Too many vendors is an all-too-common revenue buster.
When Mark Johnson first began managing optical shops at Virginia Eye Institute’s seven locations, they had 45 vendors total. Now they have 12, and do much better financially, he told an audience of optical managers at last year’s Vision Expo West. A single location needs about eight vendors, Johnson estimates. Some experts recommend as few as three to five if you serve a market with lots of seniors who are likely to choose similar, conservative styles, says Robert Swanland, a POS software expert.
If you limit the number of vendors you work with, your optical manager has the bandwidth to negotiate good terms with each and to draw up written partnership agreements that protect your practice, just as you do insurance contracts, Johnson observes. You also set yourself up to negotiate volume discounts and you simplify your bill paying, says Sherrie Rogerson, a former optical manager who now works with REM Eyewear.
4. Criteria for vendor selection.
Some criteria are givens, such as quality, service, delivery, warranty, return policy, rep service, and ease of order, Rogerson says. You can negotiate criteria such as discounts, shipping costs, and marketing assistance to benefit your practice.
5. How many frames you carry and why.
Frames typically are 43 percent of a practice’s expense and 30 percent of revenue, Johnson notes, citing Vision Monday stats.
Limit the number of frames you carry. You should have a selection sufficient to move inventory at your location, but not so many that you’re tying up revenue unnecessarily. Larger locations can handle 1000 frames, experts say. Small locations should carry around 750. Some opticals in particular markets with lots of seniors can profit very well with as few as 600, says Swanland.
6. Turn ratio.
Frames that don’t have an inventory turnover ratio of three or four are costing you money and you need to swap them out for frames with potentially higher turns, says Mark Johnson. The exception is high-end, luxury frames, which will have lower turns in most places. It’s strategic for your optical shop to carry a few lower-turn frames if they move in your market and make you money. You should love frames with turn ratios of six, and your average is likely two, says Rogerson.
But watch out. “If your turn ratio is low, your inventory may be too low,” she cautions. Customers may perceive you don’t have anything for them and they may move on to other shops, which limits your optical’s potential.
7.Number of remakes.
Your optical shop staff should be experts at preventing and troubleshooting prescription complaints to limit remakes, says Joy Gibb, an optical manager and consultant. You don’t shell out for the cost of remakes immediately, but if you have a high remake rate, you will most certainly pay more when it comes time to set terms with your lab, she warns.
Tip: You can get remake stats from your lab. Ask them about how your optical’s data compares to other opticals your lab serves.
8. Staff incentives.
Skip spiffs, experts advise. Create an incentive system that encourages your optical staff to sell as a team and to suggest the products that truly benefit your clients.
9. Technology that can protect or enhance your profits.

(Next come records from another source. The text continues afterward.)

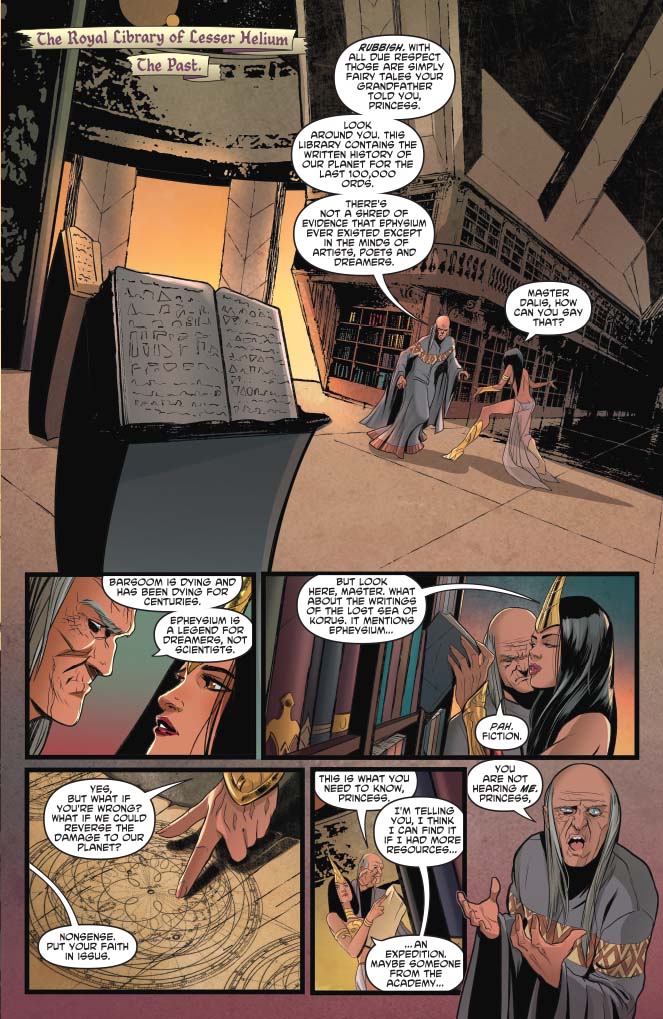 Dejah Thoris, obsessed with finding the legendary Gardens of Mars, recruits her own expedition team of scientists. But once outside the palace walls, things don’t go as planned, and the Princess learns the hard way just how dangerous Barsoom really is
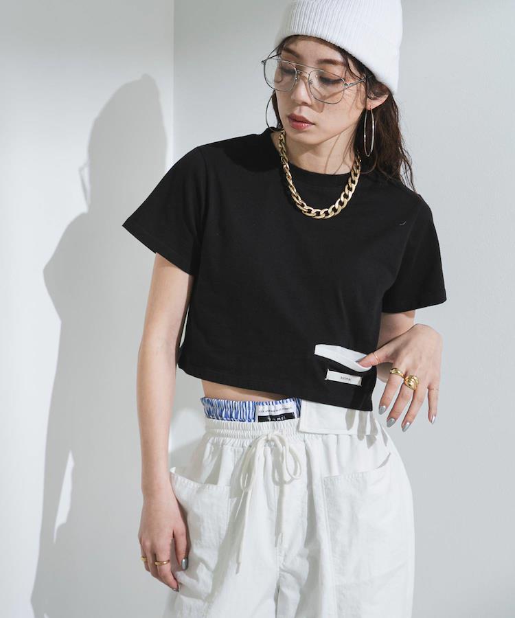 ローウエストのボトムと合わせてさらに肌見せも◯
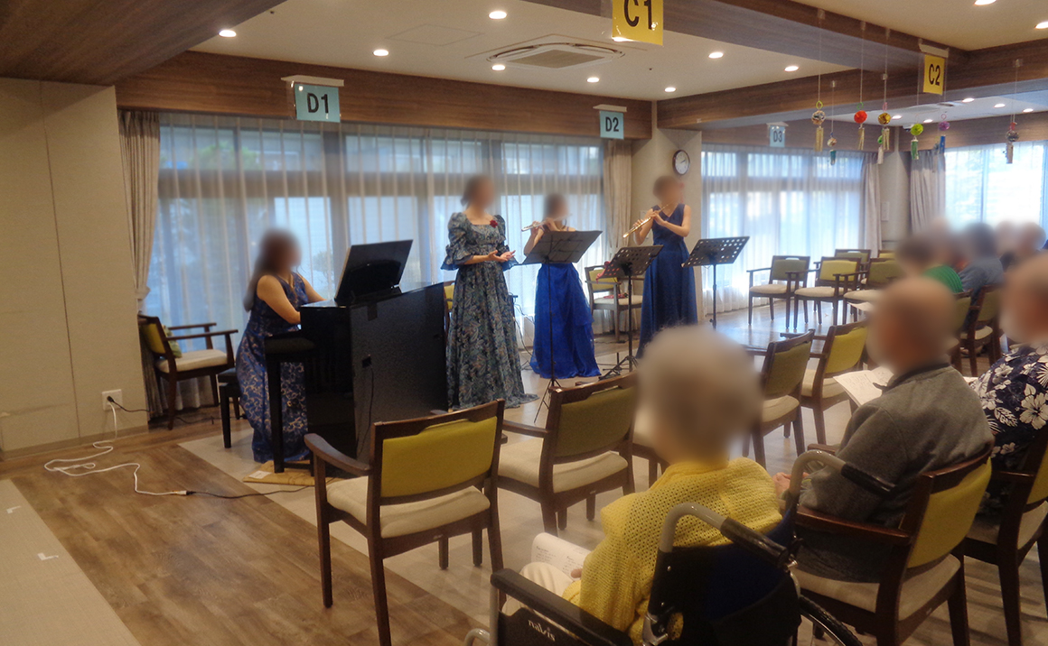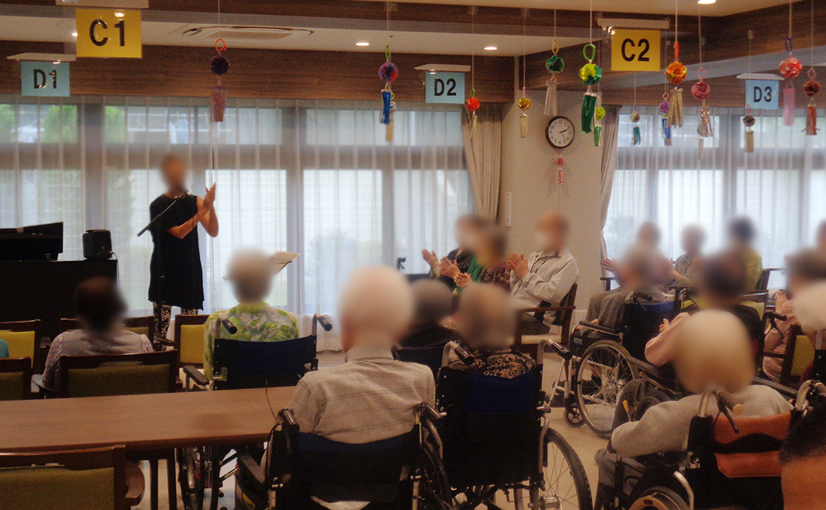 ご入居者様が楽しんで日々の生活が送れるよう、ご自身の好きなことができる多彩なアクティビティを用意し日常生活での生きがいを提供してまいります。また、地域行事への参加、施設内イベントの周知を通した地域交流の促進を行ってまいります。
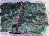 United Empire Loyalists leaving the United States for Canada by ship Niagara Falls Heritage Foundation Government of Canada Local Initiatives Grant AK 2403-9 1974 - 1975 ; research by George Seibel ; "you are hereby notified to depart .... as you are considered an enemy to your country, therefore take your all and your family and follow your friends to that country that the King your master has provided for those of your character..." Those who were loyal to the King packed their belongings in wagons and set out with their families, the first loyalists left the United States in 1776. It was 1781 before settlers were to cross the Niagara and settle the "land on the mountain" as the area above the escarpment was called - reference Mark of Honor by Hazel C Matthews ; -
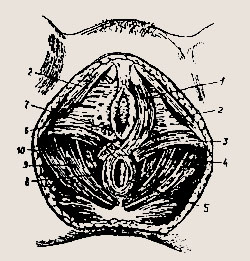 Мышцы тазового дна: 1 -- луковично-пещеристая мышца; 2 — седалищно-пещерис-тая мышца; 3 — поверхностная поперечная мышца промежности; 4 — сухожильный центр промежности; 5 — сфинктер прямой кишки; 6 — мочеполовая диафрагма; 7 — бартолинова железа; 8-10 — диафрагма таза Тазовое дно, образованное тремя слоями мышц и фасциями является опорой для внутренних половых органов и других органов брюшной полости. Несостоятельность мышц тазового дна может привести к выпадению половых органов, мочевого пузыря, прямой кишки. Половые органы женщины Половые органы делятся на наружные и внутренние. К наружным половым органам относятся: лобок, большие и малые половые губы, клитор, девственная плева, преддверие влагалища, лобок, железы преддверия влагалища. Наружные половые органы принято считать органами полового чувства.
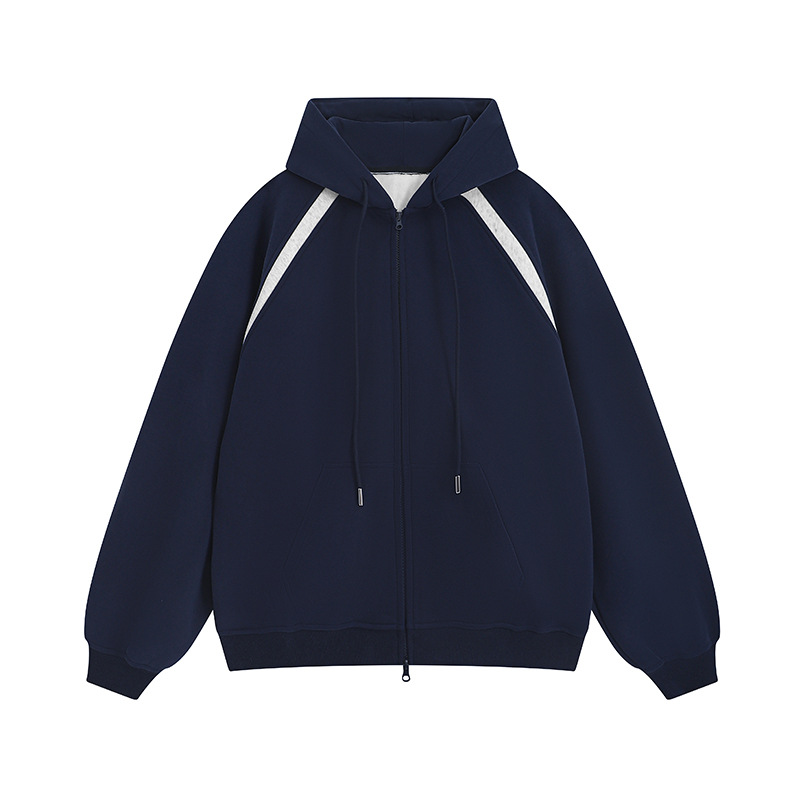남성과 여성을위한 헤비 380g 복합 코튼 라글란 슬리브 대비 컬러 후드 지퍼 스웨트 셔츠 남성 대학 스타일 루즈 재킷
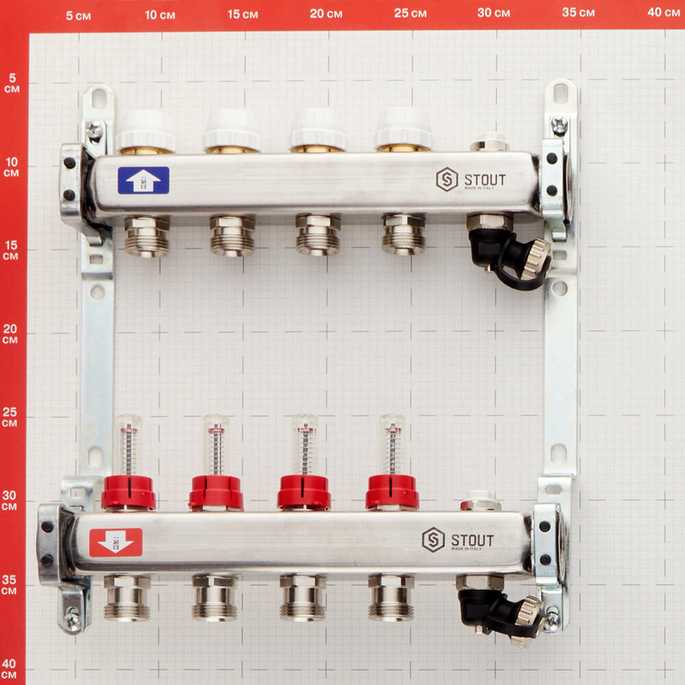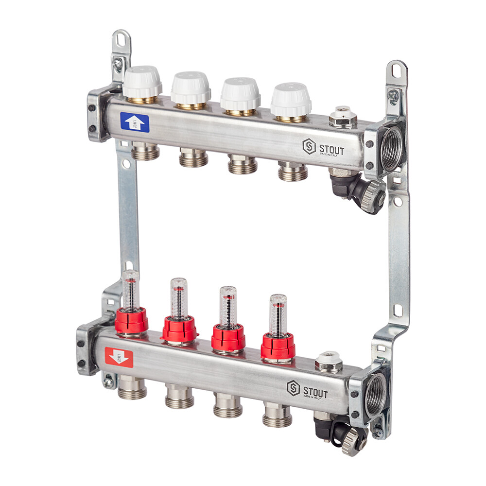 Коллекторная группа с расходомерами нержавеющая сталь Stout 1 ВР(г) х 4 выхода 3/4 НР(ш) ЕК х 1 ВР(г)
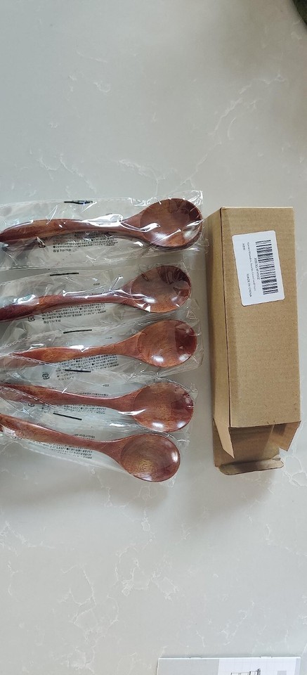 IQCWOOD Korean Wooden Spoon, 6-Piece Wooden Spoons 7.1"L x 1.8"W
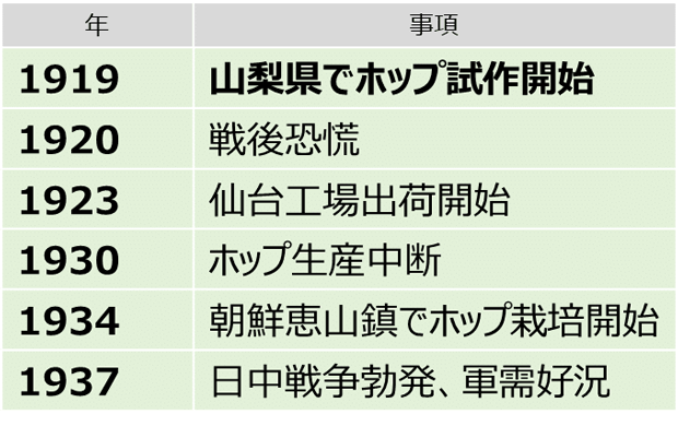 しかし1914年の第一次世界大戦の勃発により、ドイツが敵国に。輸入は途絶してしまいます。このホップ調達の危機に、キリンは1919年から国内でのホップ栽培を本格的に取り組むこととし、山梨で試作を始めます。しかし栽培技術が未熟な当時の日本産ホップの品質は、やはり外国産に劣るものでした。その後アメリカやロシア産のホップを輸入できたこともあり、キリンの国内ホップ生産の試みは一時中断します。

We’re talking about much more than virtual try-on software here. Some of your dispensary profits are walking out the door with shoplifters or with staff looking to make some extra money, especially if you carry designer frames. A basic camera surveillance system costs about $1500 per location and will save you thousands, says Johnson.
Cameras can also protect your inventory from the employee who’s squirreling away 300 of your frames in her basement and selling them on eBay. (This is a true horror story I heard from an optical manager attending Vision Expo West.) If you report and prosecute thefts, criminals looking to supply the black market will learn to avoid your practice.
Another good technological investment that helps you grab opportunities: a paging system that allows the optometrist to page the optician as the exam concludes for a smoother hand off. Johnson saw a $7,000-a-day uptick when he implemented a paging system at his seven-location practice, according to a recent Vision Monday article.